Luta's eyes narrowed. Something was off about their voice—almost like several people were speaking at once, but slightly muffled. But they had said what he'd hoped to hear.

"Did I hear that right?" Rayla said quietly, gripping her sword tighter.

"I think so," Luta said, shaking his head to rid himself of the high-pitched whine that had started whistling in his ears.

"Where...?" the figure continued. "...is he...?"

"N-Not here?" Luta said, wincing as the whine grew louder. At his side, Rayla had stuck a finger into her ear, wiggling it intensely. "Who are you?!" he demanded.

The figure raised his head, and Luta saw the wild, spinning blue of one eye, and heard one last word:

"Death."

Luta's vision turned blue, and an intense heat passed right by his face. Behind him, the barricade went up in a massive fireball, and he felt himself get lifted from the ground and thrown through the air, spinning wildly until he hit something. The air was knocked out of his lungs, and it took him a good minute to recover, breathing rapidly as his vision slowly returned.

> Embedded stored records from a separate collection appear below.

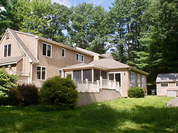 This Woodridge Lake home is located very privately level lot with vacant forest land to the rear. This contemporary/ Cape Code offers elegant country living. All of the rooms are very generous in size, the living room,dining room and family rooms feature beautiful cherry floors. The kitchen, newly renovated features upgraded white cabinetry and stainless steel appliances. All three bathrooms have been upgraded with the finest of materials. The oversized attached two car garage and large detached storage/ tool shed allow for tools or "toys" to be stored without compromising your personal space. This home is truly a must see, whether for a full time home or a weekend retreat. The owners are highly motivated! Enjoy Woodridge Lake and all of it's amenities, walk to Mohawk State Forest for hiking and true country living.
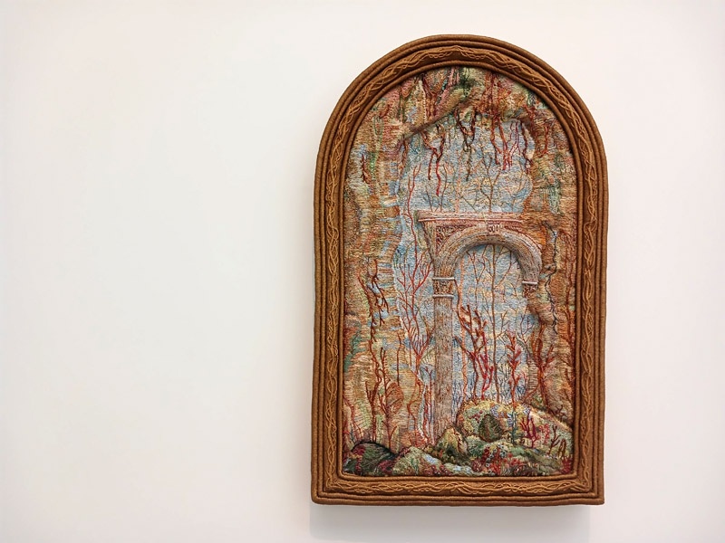 Un tableau en broderie présente un monde englouti sous les eaux, un autre une arche perdue dans les bois nous rappelant l’engouement romantique pour les ruines romaines au XVIIIème. D’autres sont des reliquaires vénérant des grottes et des chutes d’eau comme des sexes féminins. Une cascade de fils aux reflets argentés tombe comme un rideau dans son cadre de carton. Un drapé céleste aux accents cristallins.
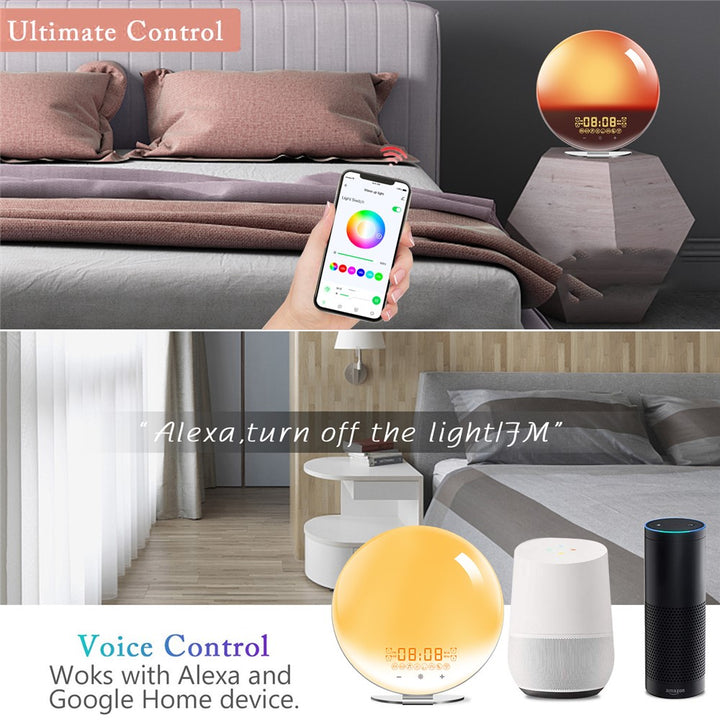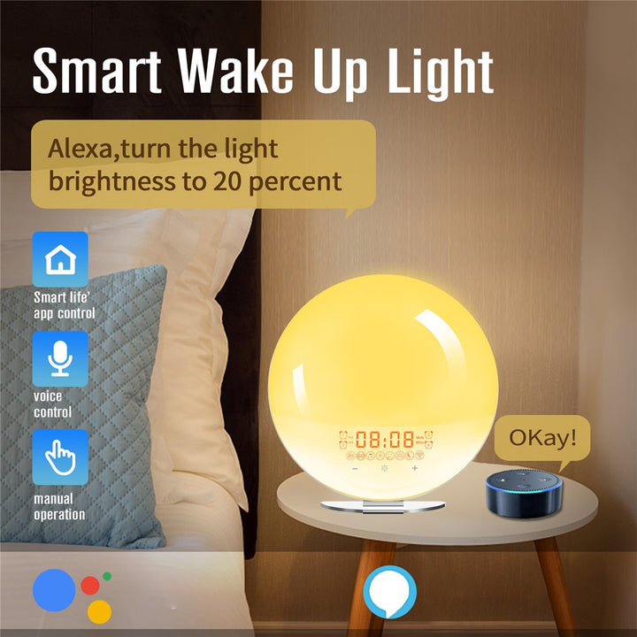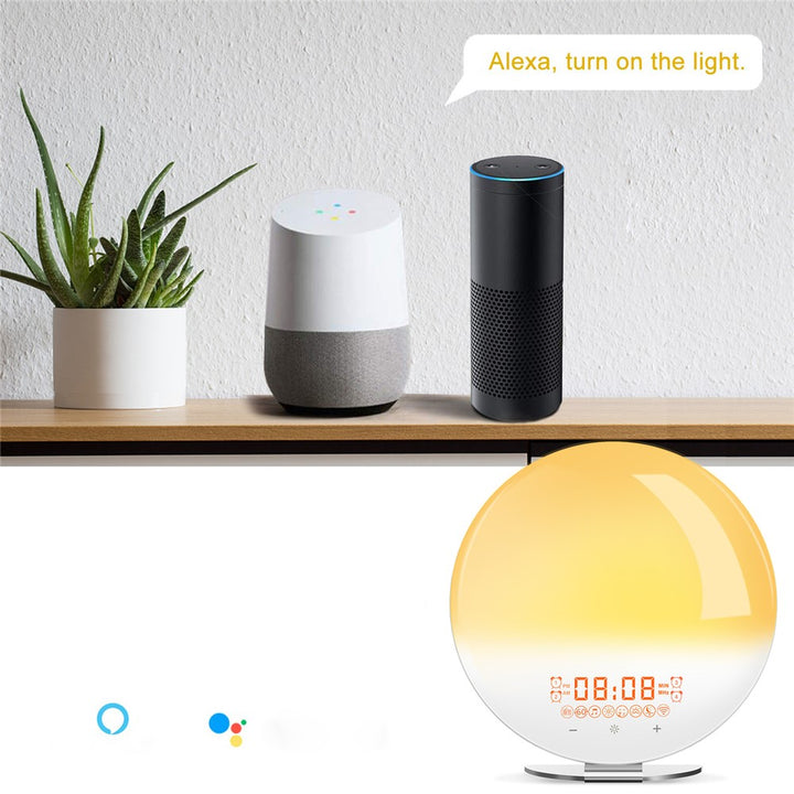 SH-02S Sunrise Sunset Simulation Smart WiFi Wake Up Light App Voice Control Alarm Clock FM Radio Bedside Lamp
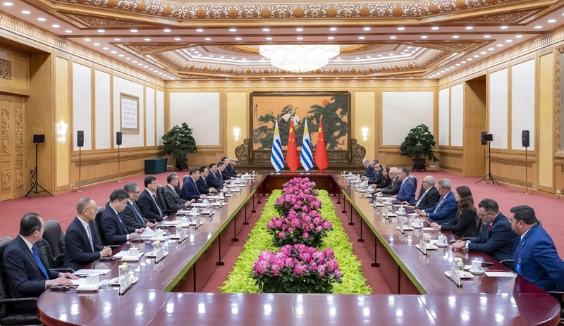 習近平強調,中烏兩國要繼續堅定支持彼此核心利益和重大關切,密切各層級、全方位友好交往,加強治國理政經驗交流,不斷深化戰略互信。中共二十屆四中全會通過“十五五”規劃建議,為未來5年中國經濟社會發展擘畫藍圖,也為包括烏拉圭在內的各國提供更多機遇。雙方要加強發展戰略對接,深化經貿、金融、農牧業、基礎設施建設、信息通信等合作,挖掘綠色發展、數字經濟、人工智能、清潔能源等新興領域合作潛力,推動經濟增長轉型升級。中國和烏拉圭人民有著天然親近感,雙方要持續深化文化、教育、體育、媒體、地方等交流,便利人員往來,促進民心相通。
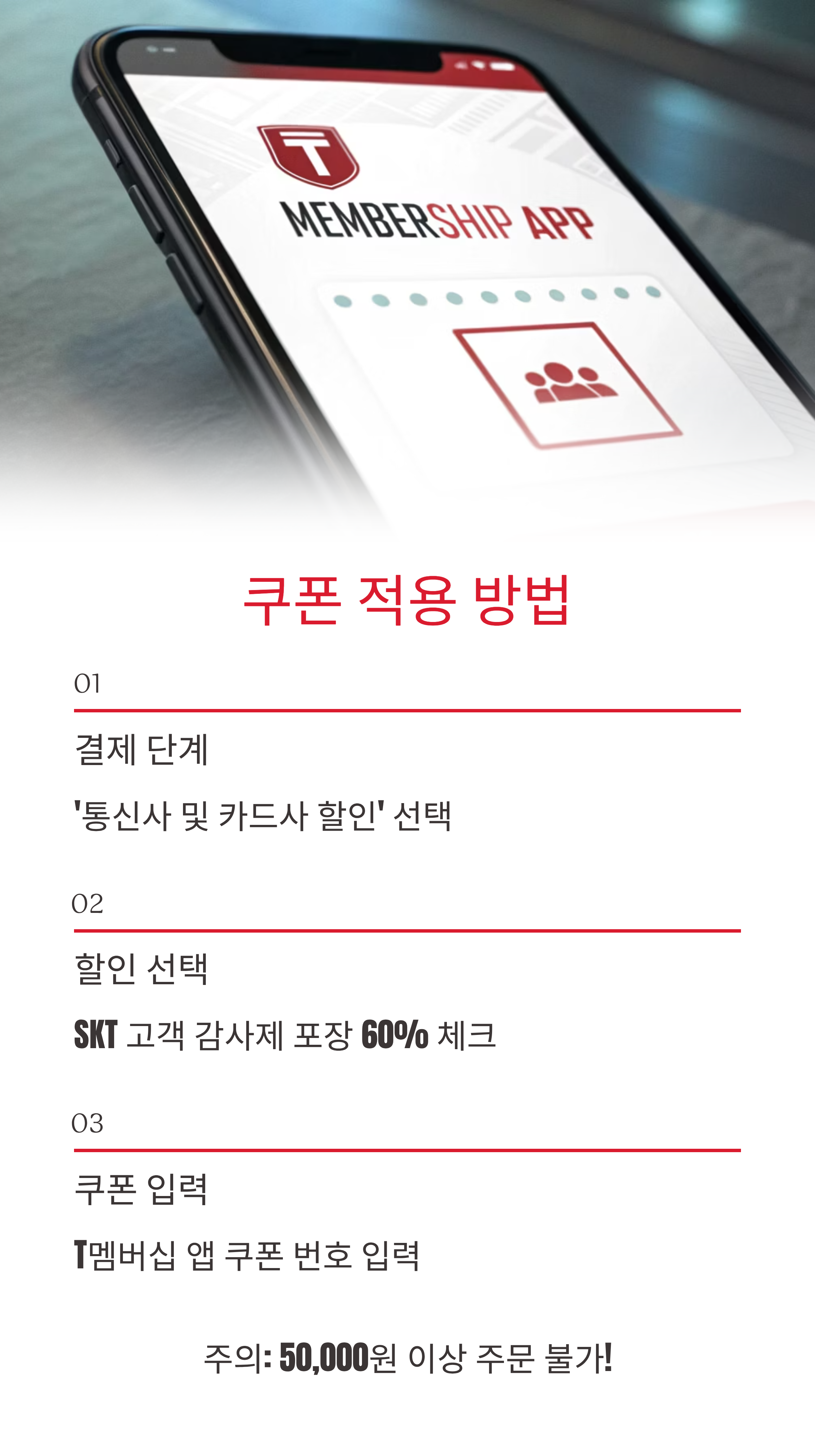 T멤버십 앱에서 발급받은 쿠폰 번호를 입력하면 적용됩니다.
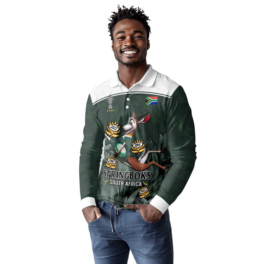 Custom South Africa Rugby Long Sleeve Polo Shirt Springboks 4th Champions World Cup Proud Bokke

All around him was fire—the barricade was gone, a smoking crater and burning fragments of wood all that remained of it.

All he could hear was the ringing in his ears—he touched one of them, and his fingers came away bloody. Why wouldn't his legs move? In his blurry vision, he saw red shapes advancing on the figure, only to stumble away shortly after, falling to the ground.

If only he could move his legs, he'd join them, his comrades, in taking down whoever the hell this was! With monumental effort, he craned his neck downwards, trying to spot the fault in his legs and...

Oh.

They weren't there. Nor was the rest of his lower half, for that matter.

Where had it gone?

He supposed it didn't matter, his vision was already darkening in the corners. That meant he was dying, didn't it? He'd heard warriors describing it like that, at least.

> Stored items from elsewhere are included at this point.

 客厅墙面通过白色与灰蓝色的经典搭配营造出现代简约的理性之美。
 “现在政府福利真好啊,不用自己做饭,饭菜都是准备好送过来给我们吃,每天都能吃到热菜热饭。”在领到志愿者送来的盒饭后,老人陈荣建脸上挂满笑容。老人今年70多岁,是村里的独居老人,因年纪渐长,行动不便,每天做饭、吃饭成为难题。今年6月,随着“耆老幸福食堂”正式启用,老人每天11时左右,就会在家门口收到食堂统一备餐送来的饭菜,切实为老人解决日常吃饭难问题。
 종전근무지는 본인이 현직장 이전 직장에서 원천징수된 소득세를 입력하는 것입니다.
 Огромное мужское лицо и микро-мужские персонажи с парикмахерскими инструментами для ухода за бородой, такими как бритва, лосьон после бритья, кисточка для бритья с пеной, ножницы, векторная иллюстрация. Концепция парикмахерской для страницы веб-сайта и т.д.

Glancing back at the figure, he saw that only one Yiga remained to opposite it—Rayla. He recognised her hair, the way it billowed around her as she dodged and struck at the figure, actually forcing it on the defensive and back several steps.

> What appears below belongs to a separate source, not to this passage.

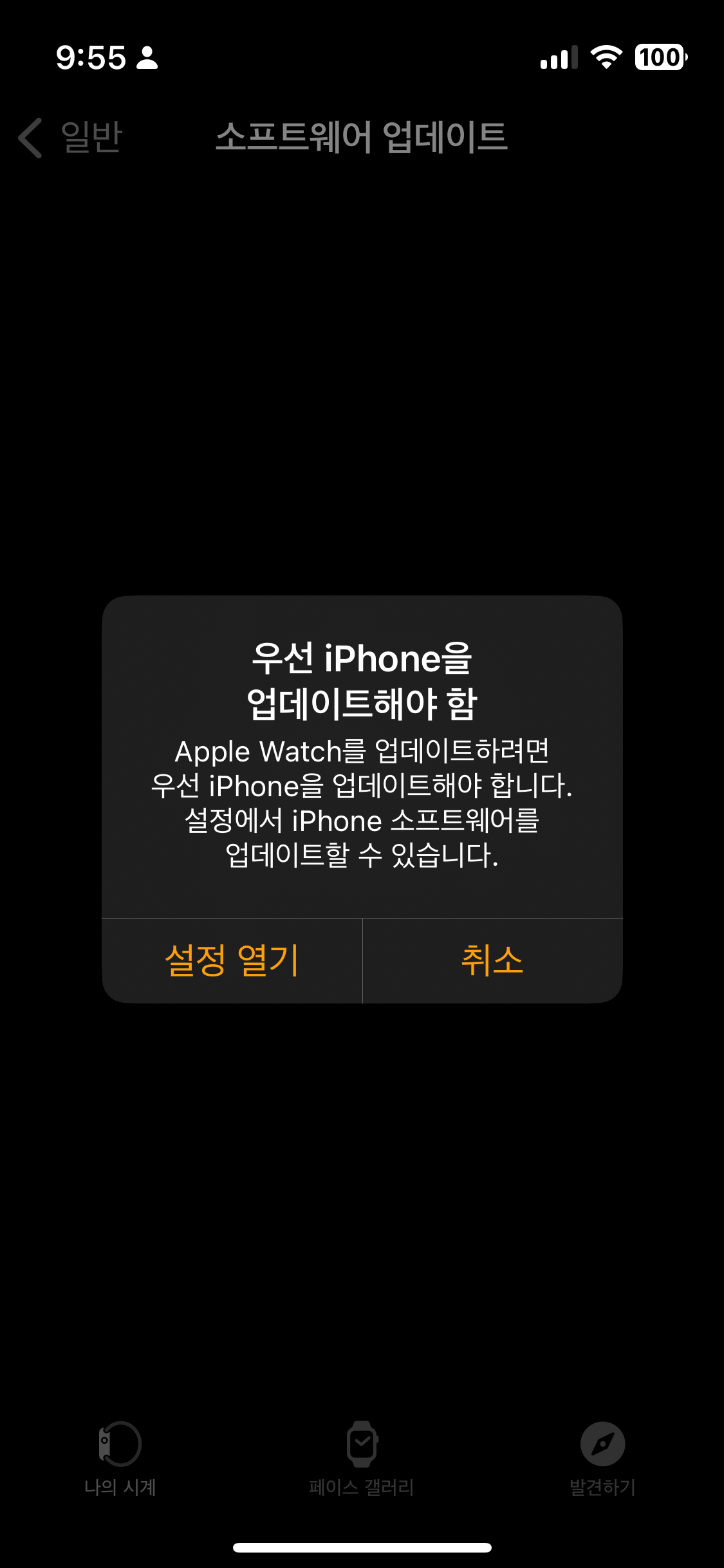 이전 버전 WatchOS 업데이트 시에는 보여지지 않았던 문구로, 이번 버전인 10.4 버전은 아이폰이 17.4 버전 이상의 OS 가 설치되어 있어야만 설치가 되는 것으로 확인됩니다.

It couldn't last, though. She overstepped, lost her balance. The figure spun and lashed out with its blade. Rayla fell, her head hitting the ground a moment after her body.

"R...Rayla..."

The ringing never stopped, and as Luta's world went dark, the last thing he saw was the figure continuing its even, measured pace southwards, into the desert.

And I thought we were the insane ones, was the last coherent thought that passed through his mind.